You need to have the debug info file (.pdb) next to the exe when the crash occurs.
Then hopefully, your crash dumping code can load it and use the information in it.
Try to run the same built from your IDE, pause it and jump to the adresses in assembly. Then you can switch to source code and see the functions there.
At least that's how it works in Delphi. And I know of this possibility in Visual Studio as well.
If you don't have the built in your IDE, you have to use a Debugger like OllyDbg. Run the exe that caused the errors and pause the application in OllyDbg. Go to the adresses from the stack trace.
Open a similar application project in your IDE, run it and pause it. Search for the same binary pattern you see in OllyDbg and then switch to source code.
The last possibility I know is analysing the map file if you built it during your built.
I use StackWalker - just compile it into the source of your program, and if it crashes you can generate a stack trace at that time, including function names.
The most common cause is that you in fact don't have a module at the specified address. This can happen e.g. when you dereference an uninitialized function pointer, or call a virtual function using an invalid this pointer.

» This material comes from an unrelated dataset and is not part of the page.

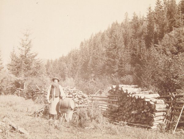 Curator: Here we have John P. Soule's 1870 stereograph, "Crescent Lake, at head of the Merced River, Mariposa Co." currently residing here at The Art Institute of Chicago. What strikes you first about it? Editor: This photo, in its quiet way, is whispering stories of solitude. I mean, look at that horse—or is it a mule?—its stillness, echoed by the figure beside it. It is almost melancholy. Are they resting, or just utterly alone together? Curator: Note the verticality of the trees and their repetitive, almost rhythmic placement in relation to the glassy horizontal lake. Consider how the artist balances positive and negative space. He creates a clear structure where nature—and the photograph—exists as its most serene. Editor: Yes, there's that classic pictorial landscape—like an idealized theater backdrop almost, especially in this sepia tone—but I still can't get past that pair. It gives me such mixed feelings. Nostalgia tinged with longing... It reminds me of Edward Hopper's figures for some reason. Is it the silence? Curator: It's an interesting comparison. I think we can discuss realism in both Soule and Hopper, as an objective and accurate representation of the natural world and lived experiences. Soule presents us with a scene of tranquility, meticulously composed and grounded in sharp tonal relationships. Editor: That’s true! Look how the highlights glimmer on the water… almost too still, if I'm honest. It borders on romantic, which is maybe why the figures are important; that's how the landscape of monumental nature is populated here in America. To witness it or take a journey to see it for oneself. What do you make of its impact? Curator: I appreciate the depth this image reveals in its tonal complexity, highlighting Soule's attention to detail. His meticulous execution is further proof of photographic realism at its finest. Editor: I can definitely appreciate that—it’s a timeless technique to capture transient beauty with enduring impact! The simplicity and starkness make it more profound. It asks me to find the beauty of loneliness without forcing it.

This is probably not the case here: "77E4BEF7" is with very high probability a Windows DLL, and 006DFAC7 an address in one of your modules. You don't need PDB files for this: Windows should always know the module name (.EXE or .DLL) - in fact, it needs first that module name to even find the proper PDB file.
Now, the remaining question is why you don't have the module information. This I can't tell from the information above. You need information about the actual system. For instance, does if have DEP? Is DEP enabled for your process?